1. Click Security Policies tab

2. Click Add New Policy

   

   Step 1: Policy Information: Enter the following details

   • Policy Name: Enter Unique policy name
   • Description: Enter description for the policy

   

   Step 2: Select Policy Components: Select the existing component or exclude components or create and add component.

   • Scan Schedule : Select Scan Schedule component or exclude component or create and add a new Scan schedule component
   • Response Actions: Select Response Actions component or exclude component or create and add a new Response Actions component
   • Risk Mitigation: Select Risk Mitigation component or exclude component or create and add a new Risk Mitigation component
   • Test Scope: Select Test Scope component or exclude component or create and add a new Test Scope component

   

   The first policy you create will always be marked as the default policy for the organization.
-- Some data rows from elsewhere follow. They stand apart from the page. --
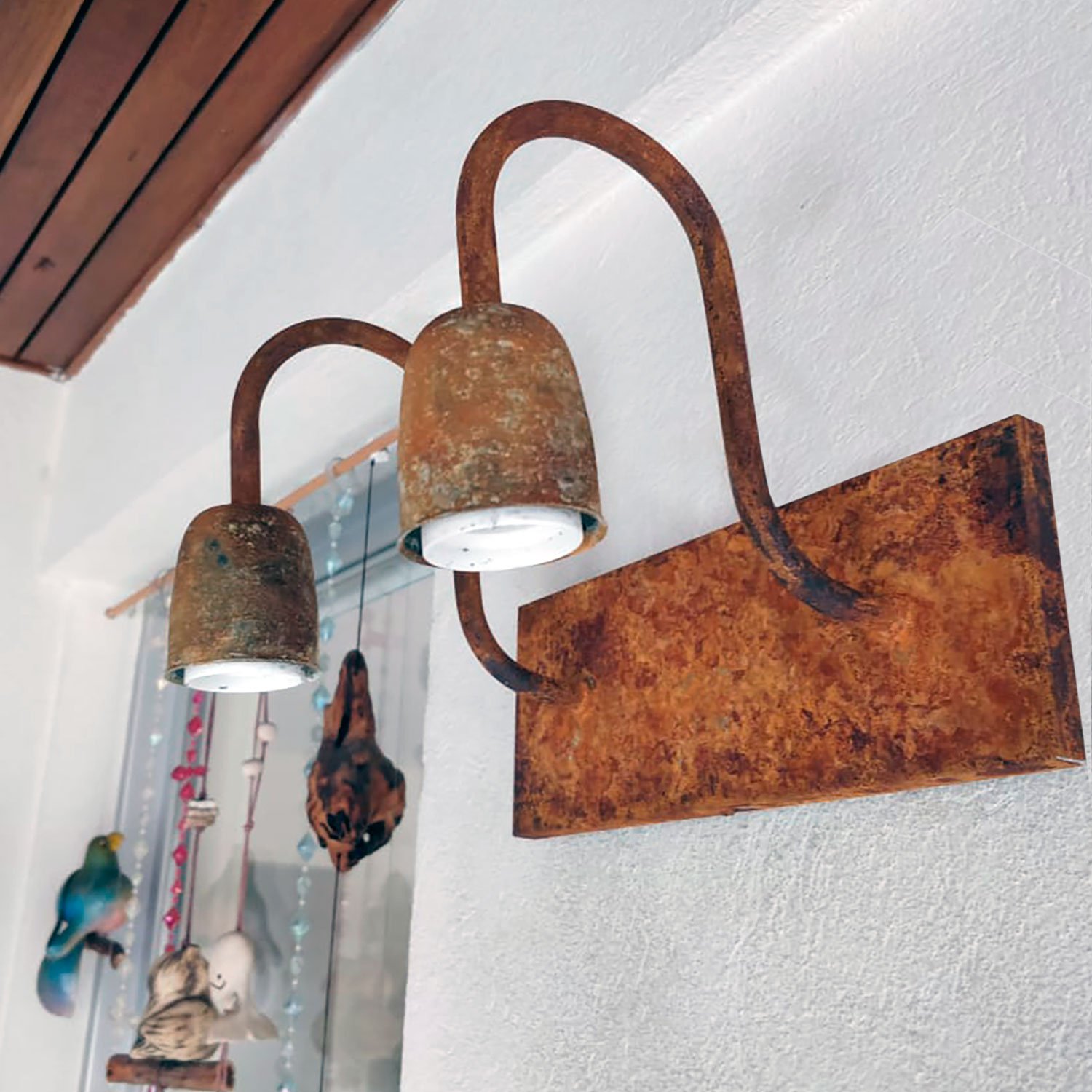 Aplique Spot De Pared Signo Base Rectangular 2 Luces Moderno Retro Vintage – Apto Led (E-27) – Símil Óxido.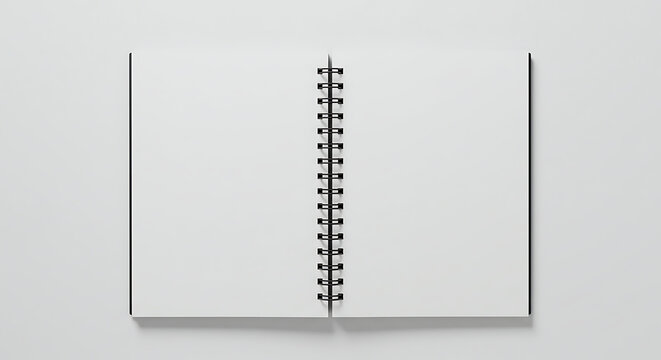 A top down view of a blank spiral bound sketchbook with an open page photographed against a white background The black and white minimalist design allows for ample copy space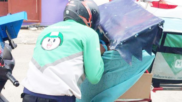 (泰国·曼谷25日讯)脸书女网友近日分享了使用送餐服务时的难忘经历,指出素辇府一名送餐小哥为了赚钱养家,而又不影响到自己照顾年幼的孩子,特地在摩托车后座安装了一个栏架,让孩子能够躺坐在架子里,以解决自己到各地送餐,又可以随时照顾孩子的问题。

This means all applications will be assigned to this policy unless you explicitly assign them to a different policy.

   

   Step 3: Review Policy Configuration: Review and Click Create Policy

3. Policy has been created successfully

   

4. Verify the newly created policy.

   

   note

   The default policy is the policy which will be used to check the compliance of all applications without an assigned policy. A policy can be set as a default only if it has all of its components defined..

Assigning Policy

If we have only one policy, which applies to all of our applications. To assign policy for the application

1. Click Applications Tab

   

2. Click Assign Policy of selected Application

   

3. Select new policy and click Update

   

4. Verify the new Policy name in the Policy tag. If the application violates its assigned security policy, the Compliance column will show "Non-Compliant". Click the (...) to view the list of non-compliant components.

   

5. Here is the compliance status of all the policy components.

   

Policy Inheritance

Policies can inherit components from the default policy to allow overriding specific components. If the default policy changes its components, inherited components will also change.
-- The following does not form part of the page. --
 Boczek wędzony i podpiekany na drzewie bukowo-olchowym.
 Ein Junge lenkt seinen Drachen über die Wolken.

1.Click Add New Policy 2.Enter policy information 3.In Select Policy Components, Select any one component 4.Review Policy Configuration 5.Click ""Create Policy" 6.Verify the Policy and Observe the components marked as Inherited components

Edit Policy

To edit policy

1. Click on "Edit"
2. You can Update the Policy inormation or change the policy components 3.Review and Click "Update Policy"

Delete Policy

To Delete Policy

1.Click Delete for the selected policy 2.Click Confirm 3.Policy has been deleted successfully

note

The default policy cannot be deleted.

Delete Component

To delete component

• Click Policy Components tab
• Click Delete for selected component
• Click Confirm
• Component has been successfully deleted

note

Components that are currently used by a policy cannot be deleted.